Fitzgerald's masterpiece--the quintessential Jazz Age novel--now in a hardcover Everyman's Library Contemporary Classics edition

For generations of enthralled readers, F. Scott Fitzgerald's mysterious millionaire, Jay Gatsby, has come to embody all the glamour and decadence of the Roaring Twenties. Gatsby emerges as if from nowhere, evading questions about his past and throwing dazzling parties sparkling with champagne and jazz at his luxurious Long Island mansion. Nick Carraway, a young man who has moved in next door, is fascinated by his oddly detached neighbor, and by his discovery that Gatsby is motivated by a single-minded quest to regain his long-lost love, Daisy Buchanan. Nick finds something both appalling and appealing about the intensity of Gatsby's ambition to reinvent himself. But Daisy and her wealthy husband are cynical and careless people, and as Gatsby's dream collides with reality, Nick is witness to the violence and tragedy that result. The Great Gatsby's remarkable staying power, nearly a century after its publication, is owed both to the lyrical freshness of its storytelling and to the way that it illuminates the hollow core of the glittering American dream.

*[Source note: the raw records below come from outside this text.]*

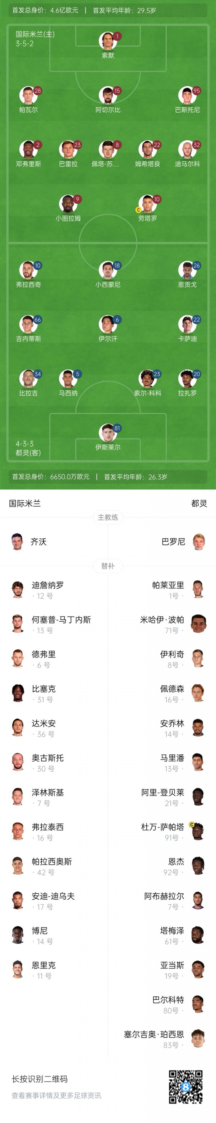 国米首发:1-索默、28-帕瓦尔、15-阿切尔比、95-巴斯托尼、2-邓弗里斯、8-苏西奇、23-巴雷拉、22-姆希塔良、32-迪马尔科、10-劳塔罗、9-图拉姆
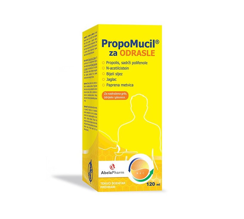 Aktivni sastav: Propolis, med, N-acetilcistein, bijeli sljez, jaglac i paprena metvica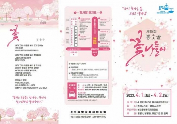 봉숫골벚꽃축제위원회(위원장 임병철)에서는 2023년 4월 1일부터 2일까지 양일간 4년 만의 ‘제18회 봉숫골 꽃나들이 축제’를 봉숫골 아름다운 거리 일원에서 개최한다고 밝혔다.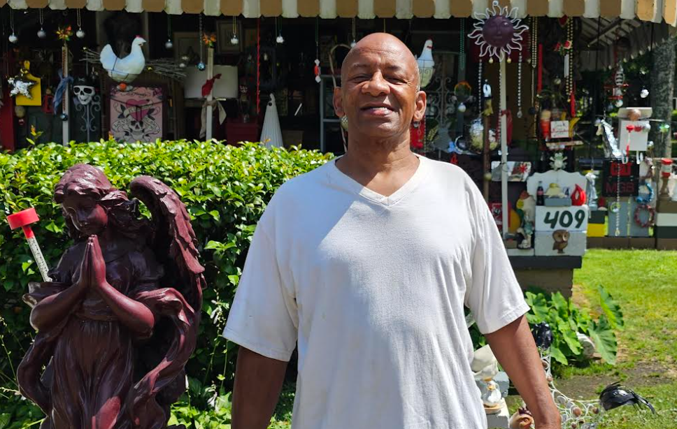 Dozens of items including pots, pans, clocks, jars, unicorns, wind chimes and sculptures of angels can be found outside his home. “[The angels] are my favorites,” he said. “I have two of them — little ones and the big ones.
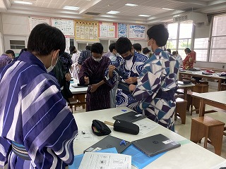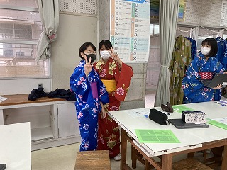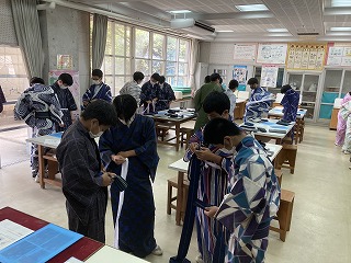 ゆかたを着ていると歩き方も変わります。帯結びは難しかったですが、和の文化にふれる貴重な体験でした。1組から3組はまた秋に実施予定です!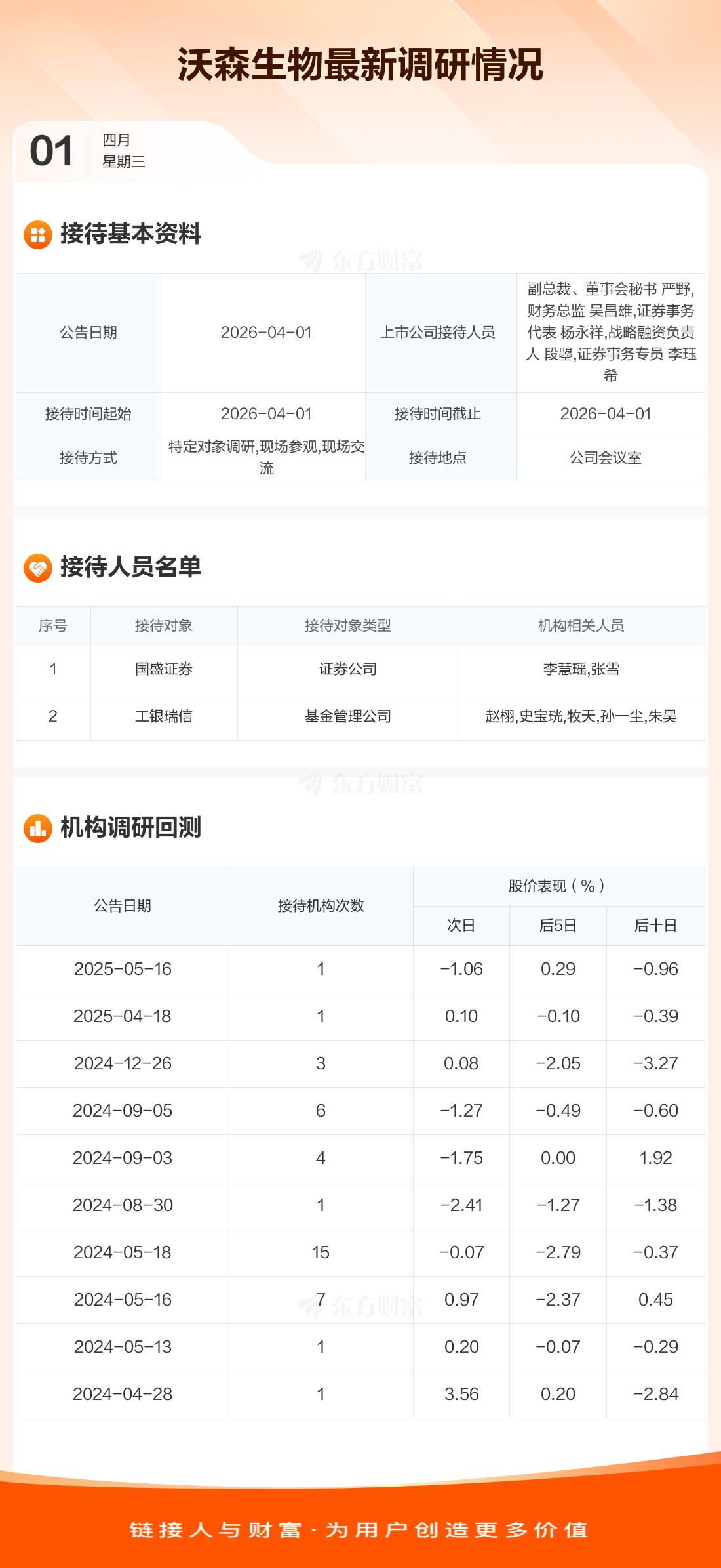 沃森生物4月1日公告称,4月1日接待国盛证券等2家机构调研。接待人员包括副总裁、董事会秘书 严野,财务总监 吴昌雄,证券事务代表 杨永祥,战略融资负责人 段曌,证券事务专员 李珏希。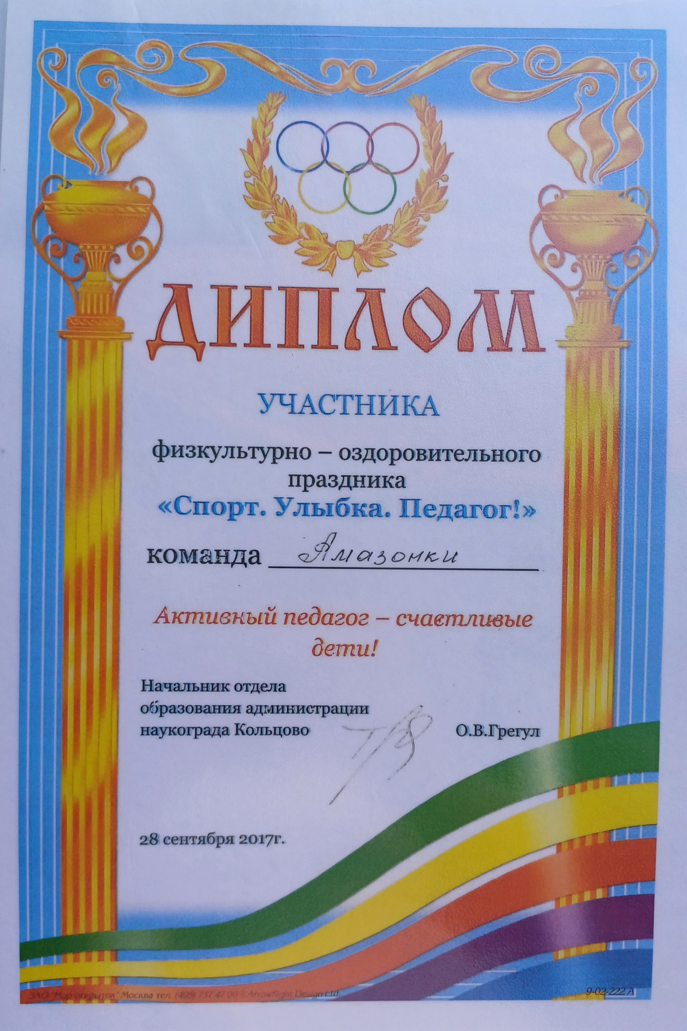 Диплом участника физкультурно-оздоровительного праздника "Спорт.Улыбка. Педагог"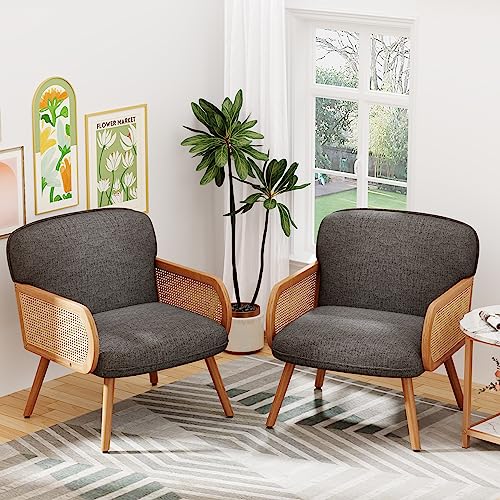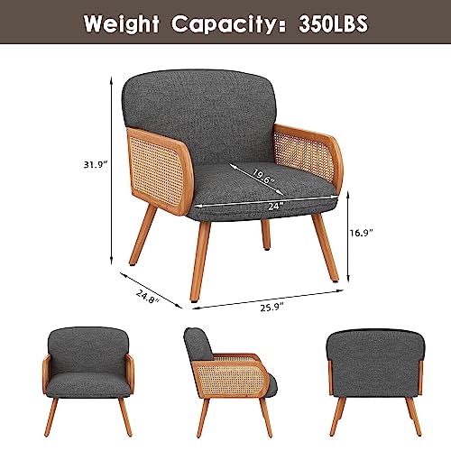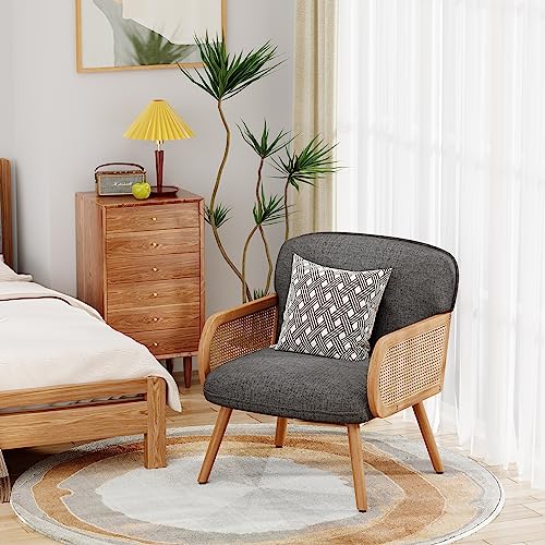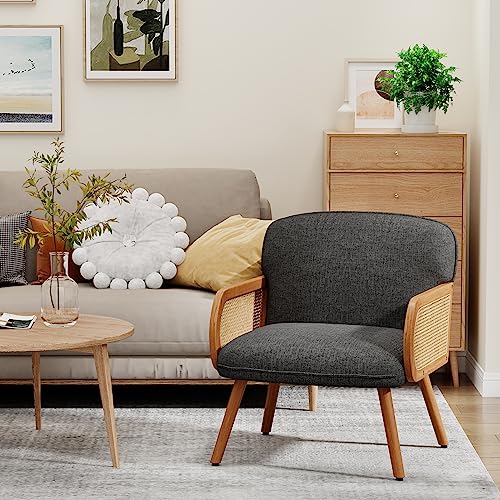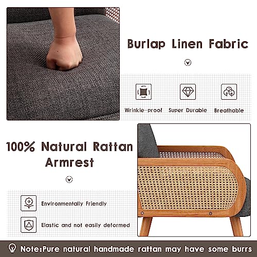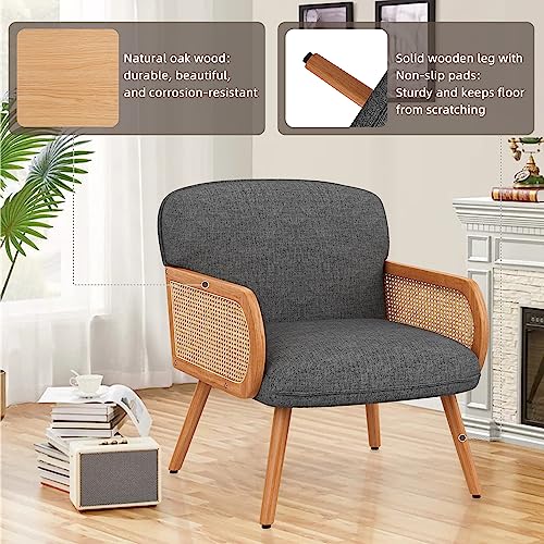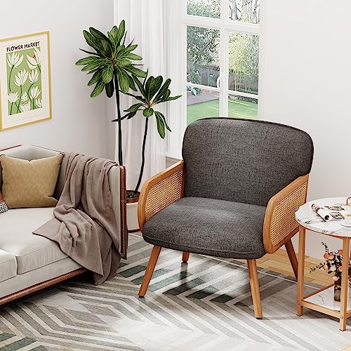 Andeworld Accent Chair with Rattan Arms,Upholstered Mid Century Modern Living Room Armchair, Side Club Chair with Burlap Linen Fabric for Living Room Bedroom Balcony, Dark Grey(Grey Set of 1)

Everyman's Library pursues the highest production standards, printing on acid-free cream-colored paper, with full-cloth cases with two-color foil stamping, decorative endpapers, silk ribbon markers, European-style half-round spines, and a full-color illustrated jacket.

Author Biography

F. Scott Fitzgerald was considered the quintessential author of the Jazz Age. Born in St. Paul, Minnesota, in 1896, Fitzgerald attended Princeton University, where he began to write seriously. After joining the U.S. Army in 1917, Fitzgerald met Zelda Sayre, whom he later married. In 1920, Fitzgerald's first novel, This Side of Paradise, transformed Fitzgerald overnight into a literary sensation. The Great Gatsby followed in 1925, although it was not as popular at the time as his second novel, The Beautiful and the Damned. Fitzgerald died in 1940 of a heart attack. He was forty-four years old.